Here's my okra, nothing yet to cut. And problems are developing again from blight/fungus because of all the rain and cool weather we've been having. I'll be spraying it soon with some copper based fungicide, hopefully non toxic for humans. Last year the heat and dry weather gave me a bumper crop of okra, gave about half of it away.


----------



## amberg

Got the girls to pull the pea vines up for me to pick and shell. Much cooler sitting in the shade to pull the pods off. Finished shelling them a few minutes ago, ended up with 3+ quarts from the load on the cart.


----------



## amberg

Update on the tomatoes and the Kentucky wonder pole beans from post #20, they have taken a notion to start climbing the trellis pretty good. ( notice my pvc irrigation system ) I think it works much better than a hose if I remember to turn the water off. I also put up another cow panel out at the garden for the Fortex pole beans and 2 more tomato plants. I have never grown Fortex beans before, so I will see how they do.


----------



## Buckshot00

Got the pinto beans picked. Shelling them right now.


----------



## Buckshot00

Pulled the onions today.


----------



## Del_




----------



## Buckshot00

Del_ said:


> View attachment 587508
> View attachment 587509
> View attachment 587510
> View attachment 587511
> View attachment 587513
> View attachment 587514
> View attachment 587516
> View attachment 587517


Very nice.


----------



## amberg

Very nice indeed, that looks like a full time job!


----------



## chuckwood

So far, this has been a very good year for my corn. We've had plenty of rain, some of the plants are over 8 feet tall and I'll have bushels of the stuff to process this year. Some of it I'll give away, it's more than I need, I'm also growing pole beans in there with the corn. It's a good combination. I've used no fertilizer or pesticides this year in the corn. With the corn ear borer worms, I just chop off the tips that have them and carry on.


----------



## amberg

We are finally getting some rain tonight as I post this. The corn and black eyed peas are looking better already.


----------



## amberg

chuckwood said:


> So far, this has been a very good year for my corn. We've had plenty of rain, some of the plants are over 8 feet tall and I'll have bushels of the stuff to process this year. Some of it I'll give away, it's more than I need, I'm also growing pole beans in there with the corn. It's a good combination. I've used no fertilizer or pesticides this year in the corn. With the corn ear borer worms, I just chop off the tips that have them and carry on.
> 
> View attachment 588912



Glad you got some rain, we are just now getting rain. I used no fertilizer this year either and the corn looks good except it has had no rain until tonight. I think it will really pick up now. 

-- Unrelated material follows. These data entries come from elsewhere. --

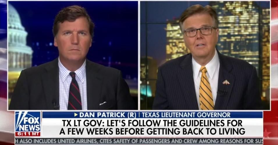 In a March 23, 2020 appearance on "Tucker Carlson Tonight," Texas Lt. Gov. Dan Patrick (R) claimed that reopening the economy was more important than adhering to public health guidelines, even though abandoning social distancing requirements and other disease mitigation measures meant exacerbating the deadly Covid-19 pandemic.
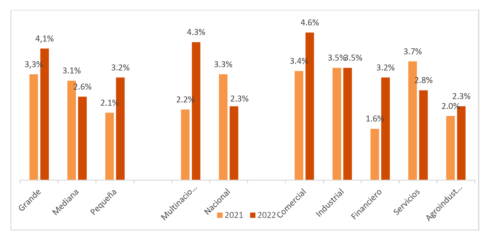 Bajo la misma línea, el estudio reveló que las empresas del sector industrial, comercial y servicios fueron las que en promedio otorgaron los mayores incrementos salariales. Los menores incrementos en el periodo 2021 fueron otorgados en las empresas del sector agroindustrial.
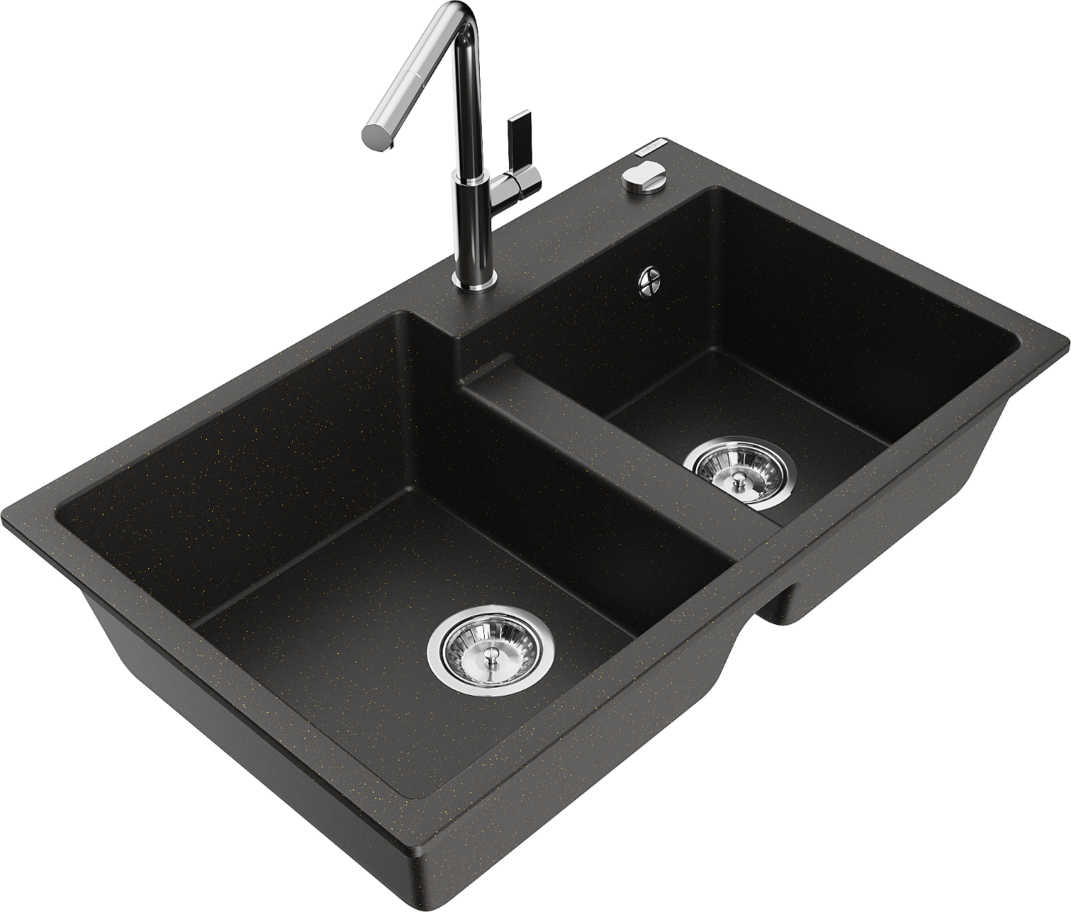 Mexen Tomas granitinis dviejų skylių kriauklė su virtuvės maišytuvu Flora, juoda/auksinė metalo spalva - 6516-75-670401-00

As for your corn, you can always ship it up here to me. lol!! As you know that I can process it for you!! ( I will take it by the dozen) No less than 12 dozen!! Ha ha!!


----------



## amberg

chuckwood said:


> So far, this has been a very good year for my corn. We've had plenty of rain, some of the plants are over 8 feet tall and I'll have bushels of the stuff to process this year. Some of it I'll give away, it's more than I need, I'm also growing pole beans in there with the corn. It's a good combination. I've used no fertilizer or pesticides this year in the corn. With the corn ear borer worms, I just chop off the tips that have them and carry on.
> 
> View attachment 588912
> [/QUOTE
> 
> Love that corn!!


----------



## Del_

We use urine one gallon mixed with 8 gallons water for an excellent corn fertilizer. Will be experimenting with soil injection next season. I have had the equipment 4 years in the tree business. Soil injection as a side dressing technique should help develop deep root systems on corn. Stay tuned I will report results and grow comparison crops.


----------



## chuckwood

amberg said:


> Pole snaps, Kentucky Wonders for the cattle panels, spaced about 10 to 12 inches, seems way far apart to me, compared to bush beans. ( chicken wire is for rabbit control ) Can the snaps be planted closer than the lamas?

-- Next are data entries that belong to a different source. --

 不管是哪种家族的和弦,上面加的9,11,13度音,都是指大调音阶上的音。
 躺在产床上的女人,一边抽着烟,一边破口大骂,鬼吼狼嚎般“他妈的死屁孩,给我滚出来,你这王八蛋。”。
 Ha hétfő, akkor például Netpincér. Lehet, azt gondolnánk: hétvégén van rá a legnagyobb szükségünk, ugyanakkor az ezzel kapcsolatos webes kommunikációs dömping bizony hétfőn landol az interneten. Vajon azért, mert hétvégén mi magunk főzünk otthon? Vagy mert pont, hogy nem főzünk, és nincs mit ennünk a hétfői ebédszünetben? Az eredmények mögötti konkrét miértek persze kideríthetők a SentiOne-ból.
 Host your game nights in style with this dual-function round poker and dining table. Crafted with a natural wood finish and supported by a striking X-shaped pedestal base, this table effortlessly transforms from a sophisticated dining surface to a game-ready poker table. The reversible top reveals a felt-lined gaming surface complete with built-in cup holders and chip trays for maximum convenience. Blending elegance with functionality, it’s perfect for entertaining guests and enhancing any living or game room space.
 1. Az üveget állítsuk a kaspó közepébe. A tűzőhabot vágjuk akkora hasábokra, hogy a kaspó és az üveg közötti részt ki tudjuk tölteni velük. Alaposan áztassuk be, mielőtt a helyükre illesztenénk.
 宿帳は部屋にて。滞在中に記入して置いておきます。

I plant all my pole snaps in my corn, that way I never have to fool around with bean trellises. The beans have nitrogen fixing bacteria with them that helps fertilize the corn a bit. I thin them to not much less than around a foot apart. Limas minimum of two feet apart, and that may still be too much. I'll try one row of limas three feet apart.


----------



## chuckwood

Del_ said:


> We use urine one gallon mixed with 8 gallons water for an excellent corn fertilizer. Will be experimenting with soil injection next season. I have had the equipment 4 years in the tree business. Soil injection as a side dressing technique should help develop deep root systems on corn. Stay tuned I will report results and grow comparison crops.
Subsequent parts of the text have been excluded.